The presence of a thin endometrium or hyperechogenic endometrium or persistent endometrial fluid impaired the outcome in tubal factor, but not in Polycystic Ovary Syndrome (PCOS) [Akman et al., 2005] or Intracytoplasmic Sperm Injection (ICSI) [Rinaldi et al., 1996]. However, the concept that a minimum thickness (4–8 mm) is required to establish a clinical pregnancy is still arguable and should be considered in Recurrent Implantation Failure (RIF) cases [Margalioth et al., 2006].

Some cases of Recurrent Implantation Failure (RIF) are related to dysregulation of the normal expression or action of various cytokines. Elevated endometrial NK cells, dysregulation of Interleukin (IL) 12, 15 and 18 [Ledee–Bataille et al., 2005], high IL–1β and low interferon–γ and IL–10 [Inagaki et al., 2003] can be found in Recurrent Implantation Failure (RIF). Failure of appearance of a specific integrin –αVβ3 in the endometrium at the time of implantation was suggested as a cause of implantation failure [Tei et al., 2003; Thomas et al., 2003]. High levels of aromatase p450 mRNA [Brosens et al., 2004], changes in pinopode expression [Pantos et al., 2004] and high matrix metalloproteinases [Inagaki et al., 2003] have been suggested to be closely associated with Recurrent Implantation Failure (RIF) of the embryo.

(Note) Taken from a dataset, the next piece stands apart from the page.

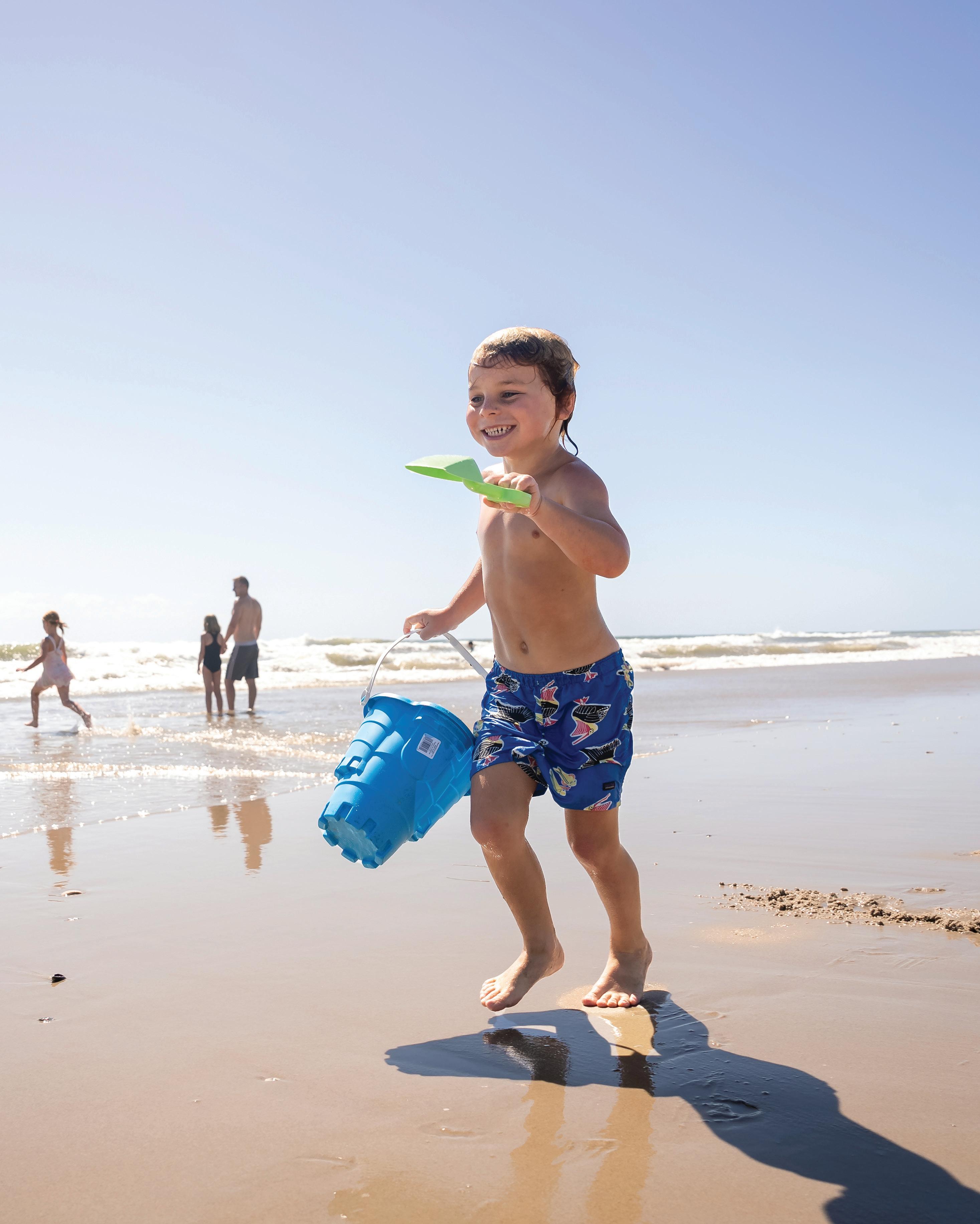 Rip currents are the leading surf hazard for all beach-goers. Particularly dangerous for weak swimmers, rip currents can sweep even the strongest swimmers out to sea. To ensure your family’s safety, always swim near a lifeguard. If you see red flags flying, this indicates that a rip current has been spotted, or due to the conditions in the water, a rip current is likely to occur. (No swimming is allowed when red flags are flying.) If you find yourself caught in a rip current, do not panic; the rip current will pull you away from shore but it won’t pull you under water. Since they are too strong to fight head on, don’t try to swim directly toward the shore. Instead, swim parallel to the shore until you escape the current and can then make your way back to shore.
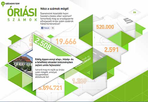 Az első számot megjelenítő installációt Veszprém Óváros terén helyezték ki. Az "Oktatás hintáját" vagy más néven az óriási hintabaglyot Szőke Gábor Miklós, szobrász és Huszár András, építész készítette, hogy művészi formába öntse az Új Széchenyi Terv keretén belül az oktatásban eddig megvalósult sikeres fejlesztést.

The role of immunological causes and thrombophilia in implantation failure through mechanisms similar to recurrent miscarriages has been the focus of many recent research efforts, because the reproductive failure may be a consequence of aberrant expression of immunological factors during pregnancy. Thorough analysis and investigation which were done by Shormila Roy Choudhury and Leslie A. Knapp vividly illustrated the following paradigm: although the relative importance of immunological factors in reproduction remains controversial, substantial evidence suggests that Leukocyte Antigens (HLA), antisperm antibodies, integrins, the Leukaemia Inhibitory Factor (LIF), cytokines, antiphospholipid antibodies, endometrial adhesion factors, Mucins (MUC1) and uterine natural killer cells contribute to reproductive failure. In contrast, fewer data support the roles of anti–trophoblast antibodies, anti–endometrial antibodies, T–cells, peripheral natural killer cells, anti–HLA antibodies, blocking antibodies and suppressor cells in reproductive failure [Roy Choudhury and Knapp, 2001]. Although immunological factors involved in reproductive failure have been studied traditionally using assays for antibodies and/or antigens, detailed research on these factors demonstrates conflicting results. Maternal and fetal immunology is also difficult to investigate. For these reasons, molecular assays may serve as a valuable alternative to investigate how the immune system affects reproductive outcome. Ultimately, Margalioth et al. (2006) established that the significantly decreased expression of specific endometrial molecules suggested that functional, not only morphological, endometrial defects may be associated with unexplained infertility or Recurrent Implantation Failure (RIF) [Margalioth et al., 2006].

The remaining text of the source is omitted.